I have always had my list of NEVERS.  I would never pose nude, never put a satellite dish painted like a pizza in my front yard and I would never take my kids to summer camp.  One down, two to go. 

The list of questions that came from the both kids were endless.  And, they needed resolution.  Closure and comfort.  My gut very seldom steers me wrong, and this time, it didn't say no.  So, we said yes.  Don't pass judgement just yet, I never thought this was the correct thing to do before.  No, it wasn't the holiday sentiment.  The kids were out of school early and we all are healing.Perfect timing.  I wanted them to have their questions on the ceiling answered. 

We didn't tell the "button" they were coming.

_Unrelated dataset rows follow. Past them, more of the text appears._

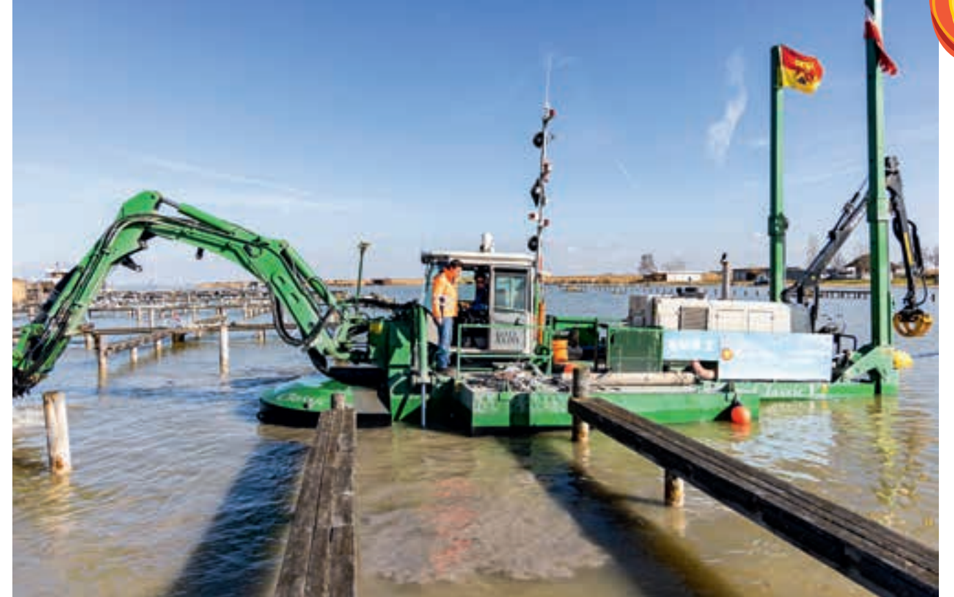
Mit solchen Schwimmbaggern wurden in der heurigen Saison 60.000 m³ Schlamm aus dem See geholt

Rund 60.000 Kubikmeter Schlamm wurden heuer aus dem See geholt. Die Saison läuft von Oktober bis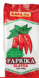
KAFATEX SLATKA PAPRIKA 100G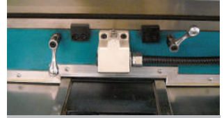
Y/Z Eksen Kutu Kızak Sistemi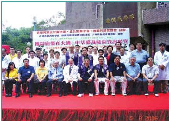
「贈醫施藥在大埔 暨 中草藥及健康資訊展覽」各位嘉賓、中醫師及義工大合照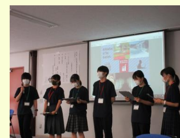
ジェスチャーも交えながら、英語でSDGsについて発表しました。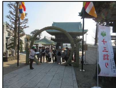
※前年度の実施状況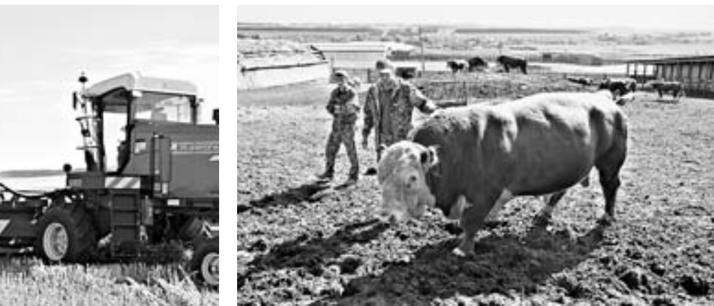
Самый крупный бык герефордской породы в Алтайском крае. Вес Степана около 1700 кг.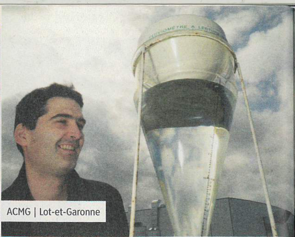
ACMG | Lot-et-Garonne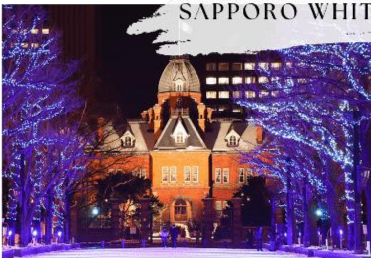
SAPPORO WHITE ILLUMINATION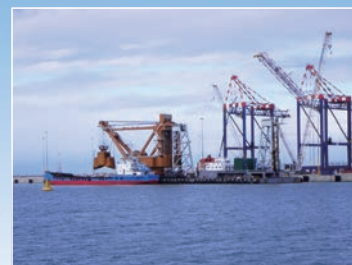
〈南アフリカ〉 ポートエリザベス市 クーハ港浚渫工事

We got up to the visitor's room and as luck would have it, we were the only ones there.  And Walker and Addie hid.  And out came the "button".  The "button" smiled as big as he could smile.  And they were happy.  Once again, not up us, it was about them.  And yes, the touched hands through the glass.  And that prompted me to do it as well.  Something I could not bring myself to do before today. 

And THREE different times today, I sang OUT LOUD. I looked up at the sky and sang to the the ANGELS.  Nobody was there, remember?  I could get away with this today.   He is growing up.  He is becoming a man.  He will have a future.  He even said that he can see now "where women can get a guy in trouble".  You had to be there, it was funny.

The "button" did verbally acknowledge that he never wanted them to see him this way.  He is the BIG brother but he understood and was sooooo glad they were there.  He was humbled. 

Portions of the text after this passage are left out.